> **Data to examine**

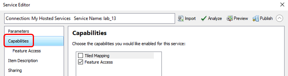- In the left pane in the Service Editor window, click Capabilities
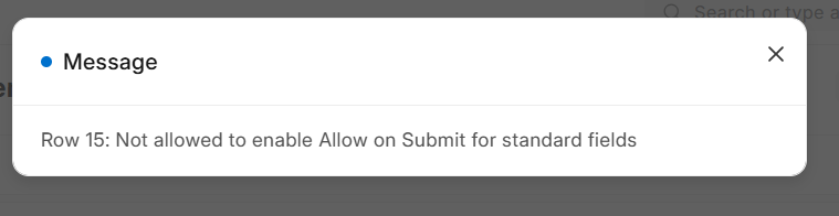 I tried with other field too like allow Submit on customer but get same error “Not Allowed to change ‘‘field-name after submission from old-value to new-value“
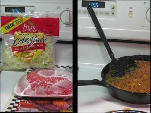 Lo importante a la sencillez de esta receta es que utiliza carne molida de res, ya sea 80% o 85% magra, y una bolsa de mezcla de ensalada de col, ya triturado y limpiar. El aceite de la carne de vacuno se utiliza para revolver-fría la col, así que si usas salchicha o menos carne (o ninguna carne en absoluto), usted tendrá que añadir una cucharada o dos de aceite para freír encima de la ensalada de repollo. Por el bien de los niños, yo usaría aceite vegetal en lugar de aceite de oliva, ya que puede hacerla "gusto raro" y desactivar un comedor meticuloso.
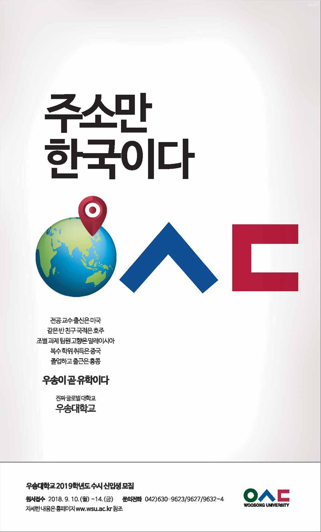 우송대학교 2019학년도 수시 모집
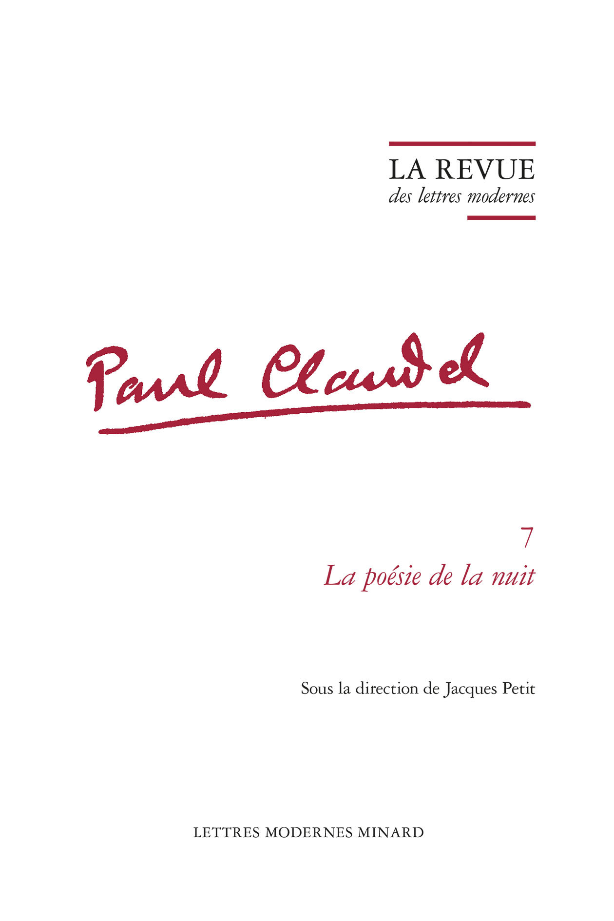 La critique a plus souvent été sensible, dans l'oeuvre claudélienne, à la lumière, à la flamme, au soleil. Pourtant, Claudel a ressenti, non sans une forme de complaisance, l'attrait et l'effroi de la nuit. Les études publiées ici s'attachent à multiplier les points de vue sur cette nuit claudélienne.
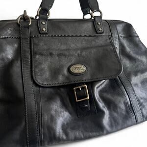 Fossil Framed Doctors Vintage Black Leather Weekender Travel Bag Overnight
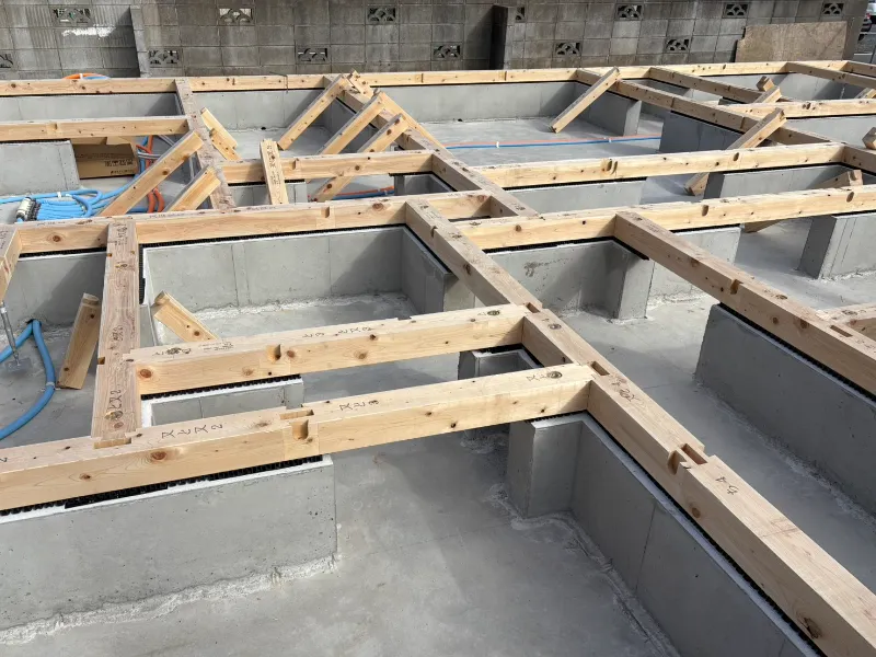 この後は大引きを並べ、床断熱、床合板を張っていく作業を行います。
==
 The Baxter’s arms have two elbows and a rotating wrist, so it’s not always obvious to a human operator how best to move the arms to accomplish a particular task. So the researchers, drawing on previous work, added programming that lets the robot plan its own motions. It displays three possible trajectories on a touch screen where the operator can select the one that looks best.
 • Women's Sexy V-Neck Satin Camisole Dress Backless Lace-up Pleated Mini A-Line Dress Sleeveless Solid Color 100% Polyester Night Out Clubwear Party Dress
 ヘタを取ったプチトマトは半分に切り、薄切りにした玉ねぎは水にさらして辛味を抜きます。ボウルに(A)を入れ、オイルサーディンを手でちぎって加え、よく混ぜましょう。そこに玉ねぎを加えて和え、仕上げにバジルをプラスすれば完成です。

> **What is being asked**
Taking the entries above, copy word for word the lines from the one with "Fossil Framed Doctors" up to and including the one with "この後は大引きを並べ、床断熱、床合板を張っていく作業を行います。", without any picture.

> **Solution to this task**
 Fossil Framed Doctors Vintage Black Leather Weekender Travel Bag Overnight
 この後は大引きを並べ、床断熱、床合板を張っていく作業を行います。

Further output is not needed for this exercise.